Woodhouse Colliery intends to be a world class mine, with the highest standards of operational performance, employee relations and to always be a good neighbour.
Over the past five years a team of expert and independent consultants have carried out an extensive programme of more than 300 different ecological surveys for the most highly protected species in and around our sites, both onshore and offshore. The results of these surveys have enabled us to make technically informed and scientifically evidence-based decisions about how best to follow a careful process of ecological mitigation and habitat improvement.
The company believes that the social licence to construct and operate Woodhouse Colliery is one of the most important aspects of the project and we take our community responsibilities very seriously.
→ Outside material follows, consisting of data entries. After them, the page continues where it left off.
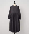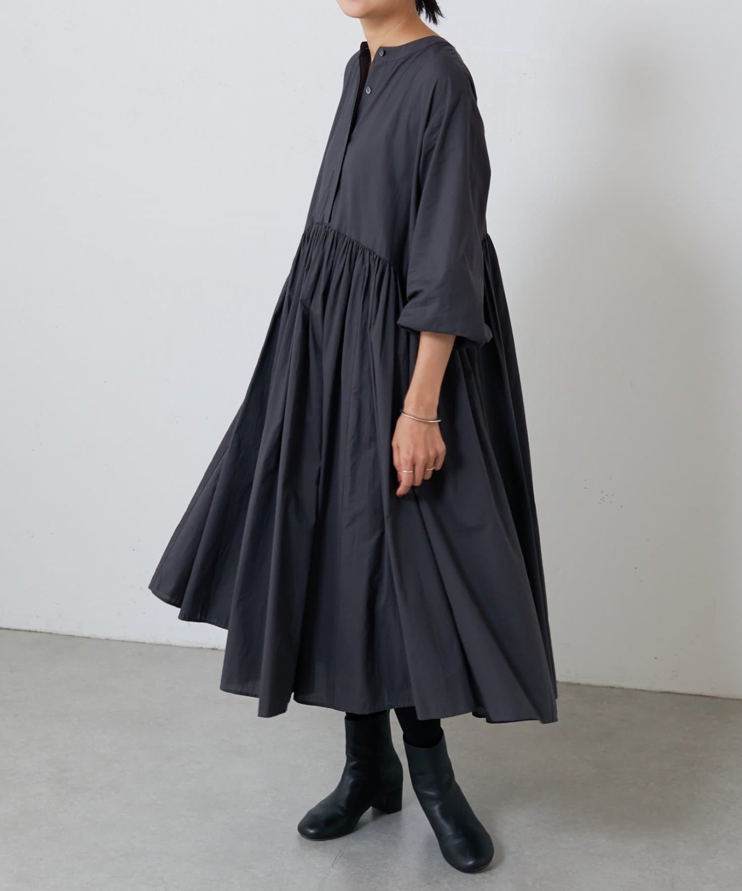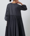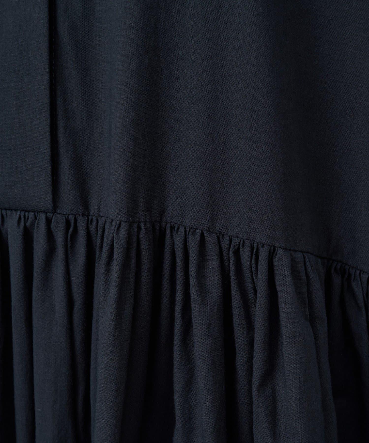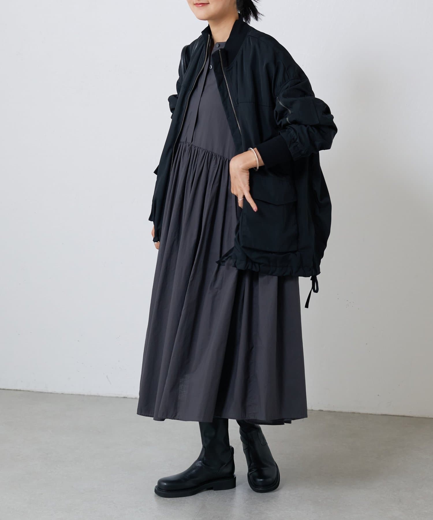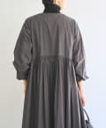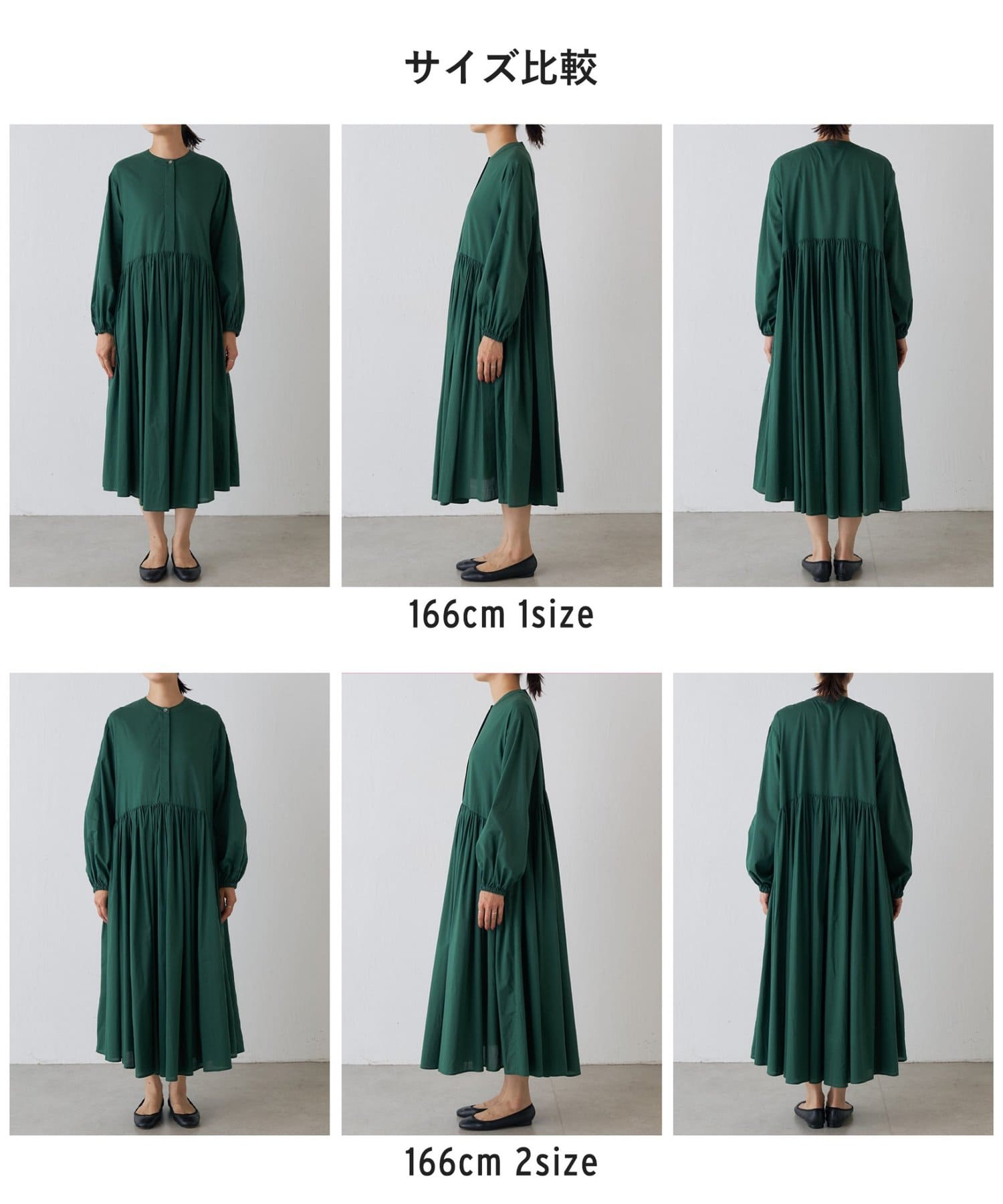 ・こちらの商品は、裾にたっぷりと生地を用いた分量感がデザインポイントになります。多量の生地を使用しており、重力と相まって他の製品・デザインより伸びやすい傾向にある為、着丈等サイズは2%前後を許容範囲とさせて頂きます。
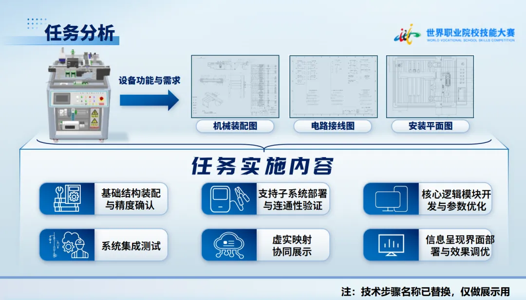 ①所需核心技能:用精炼的关键词点明这个步骤考验选手什么能力?如:“精密机械装配”、“复杂电路排故”、“PLC模块化编程”、“工业软件平台操作”、“安全规范应用”。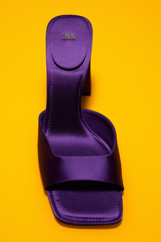 En este look de Zara también lo más espectacular son los zapatos y siguiendo con uno de los colores más en tendencia y que mejor combina con el amarillo. Un zapato tipo sandalia de tacón ancho estilo mule de raso y con acabado en punta cuadrada. Tiene un precio de 39.95 euros y esta disponible en todas las tallas.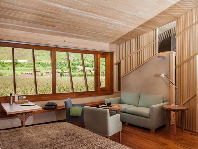 Explora Valle Sagrado is the seventh edition to the Explora hotel group and its first property in Peru. Built on an ancient corn plantation in one of the Sacred Valley’s most secluded haciendas, the property overlooks the stately mountains and verdant pastures that once belonged to the Inca Empire. The hotel’s 50 spacious rooms are arranged in four bays designed to take full advantage of the beautiful surroundings with views of the cornfields and mountains.

Development of the WCM Sustainability Fund is already taking shape, with a view to its launch following the start of production at the mine. WCM will be seeking feedback from the local community on this element of the project later in the year, once fully developed.
Our commitment to carbon offsetting is a core part of our Corporate Social Responsibility policy and will form a key element of the WCM Sustainability Fund.
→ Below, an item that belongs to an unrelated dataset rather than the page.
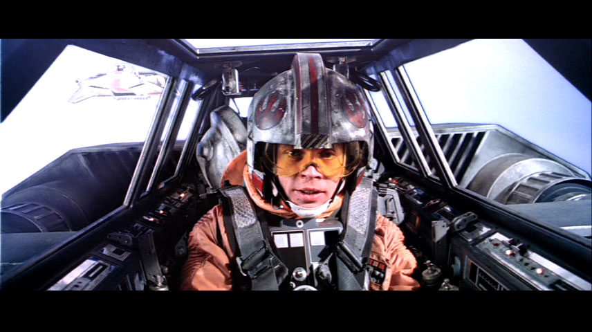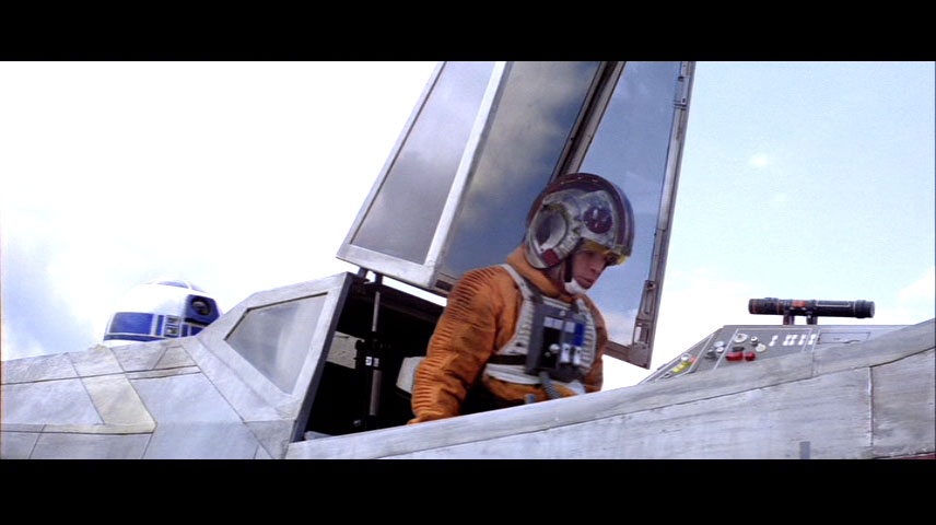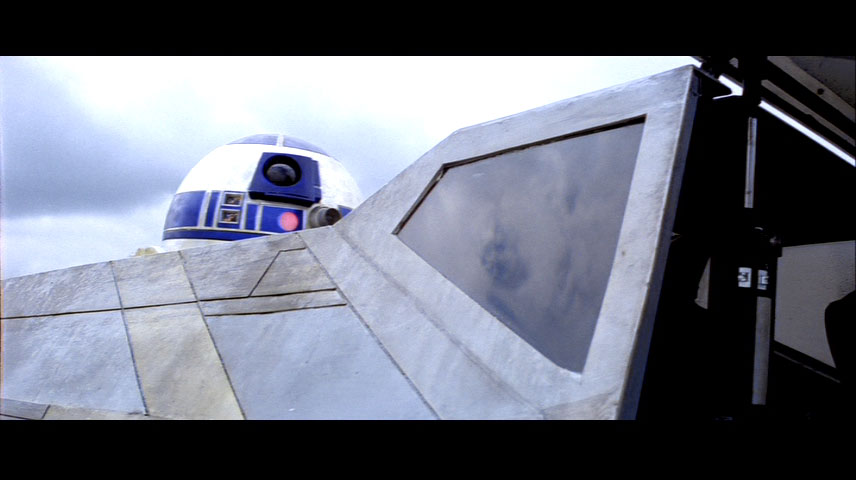The south slope launch point for the rebel starfighters and the last transport ship. The head of R2-D2 seems to be illuminated from his left, suggesting that Luke's X-wing is facing south.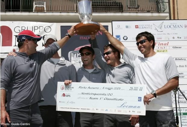 New Zealander Russell Coutts moved into a tie for the most number of victories lead the Swedish Match Tour today with his second straight triumph in the Toscana Elba Cup - Trofeo Locman off the Mediterranean island of Elba. Coutts won the event, the fifth of the 2004-’05 Swedish Match Tour, with a 3-2 victory over Australian Peter Gilmour of the Pizza-La Sailing Team.

The project is currently evaluating the environmental benefits relating to a number of ideas for a ‘carbon sink scheme’ including tree planting within managed sustainable forests, restoration of existing established woodland, rewilding and peat bog/wetland restoration. Trees, plants and peat bogs are known to not only absorb carbon but turn it into foliage, branches and root systems; a process known as sequestration. They also act as excellent natural ‘sponges’, absorbing greater volumes of surface water run-off from rainfall and helping as part of flood defence schemes. Carbon is locked into their structures and into the soil structure below.
WCM is also looking to invest in the Haig Powerhouse building on our site at Kells, to ensure the protection of the community’s mining heritage and to bring life back into the building as the WCM training centre. Following the closure of the Haig Mining Museum in December 2015, the first step in this process was to undertake cataloguing of the collection on site, in the summer of 2017. This enabled us to rescue, safely store and safeguard the mining legacy of the area for future generations. The catalogue is available to view by the public and individual items can be viewed by appointment, upon request, with the ambition to create a permanent rolling display in the future. The second step was to purchase the Haig site from the liquidators and this was completed in May 2018. WCM is now reviewing the next steps for the former Haig Colliery site including future restoration works to the headgear to ensure its long term survival.
WCM will further be looking to work with local projects who share the same beliefs and values around improving and supporting both the physical and mental health of our employees and their families. WCM currently works closely with the ‘Well Whitehaven’ initiative which addresses inequality by improving the wellbeing of the community, increasing resilience and reducing unemployment.